Buying a foulard at the Versace boutique in the Design District in a bid to honor the great Gianni while having the clerk whisper to me that he is also an actor and model.
Being asked at Estefan Kitchen in Miami if I had a reservation for a late lunch even though entire place was nearly empty.
Discovering after interviewing great Nicky Jam that we have a lot more in common, like our battles with being members of the clean plate club.
Reuniting with Gin-Gin and getting ridiculous at Versailles in Little Havana over plates lechon and picking up where we left off, the true mark of a touchstone friend and savior.

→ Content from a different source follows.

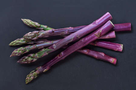 Asparagus. Fresh purple asparagus on black slate background. top view

Meeting two teen girls from NJ at LAX before our delayed VA flight to NYC and chatting like we were BFF’s while being surrounded by soap opera legends from GH heading to NJ for a fantasy weekend. It was no BFD for the girls yet it was for their moms as they texted them with pics, OMG!
Watching a sumptuous revival of My Fair Lady at Lincoln Center, feeling emotional at listening to this glorious score by Lerner & Lowe, thinking how Dad saw the original production with Rex Harrison and Julie Andrews during his life as a young man in the U.S. and understanding why he loves theater as much as me.
Sitting watching Harry Potter and the Cursed Child, desperately trying to suppress the emotion swells as Harry and his son Albus fought their way to understand each other, just like how I fought with my Dad.
Sharing some of the most important parts of my life with Nan in NYC, hanging with Karen and Stevie and hearing her effortlessly become one of this group storied group of friends who mean the world to me.
Powering through sleep deprivation and jet lag and failed not to “fag out” before interviewing several of my screen heroines on a Sunday afternoon in Hollywood, especially the wonderful Candice Bergen.
Even as life deals you some difficult moments, you have to stop and look around you to acknowledge the wonderful that still occurs. And that’s good enough in a world that is all about the hustle and flow.
“People who fly into a rage always make a bad landing.” — Will Rogers
“There’s so many things that are hard to hear every day that you do want to have some Oreos, Like people say, ‘what do you invest in during the Trump era?’ I feel like, Hostess Cakes. Most of us are just scared and eating ice cream.” — Judd Apatow in a New York Times interview published on January 14, 2017. “
My turning point towards breaking up with the Sad and Bad Me arrived when I went from labeling 2017 as a “dumpster fire” to a “Trumpster Fire.” As I reflected on how #45 has wreaked havoc on too many people around the world, it magnified the cruel ineptitude of the last three years with the monster I’d become. It was that depressed and self-absorbed version of myself, revealed I possessed no real limit as to the amount of rage I could contain. It became woefully apparent that said rage has permeated even the banalest of conversations between friends or strangers anywhere in the world.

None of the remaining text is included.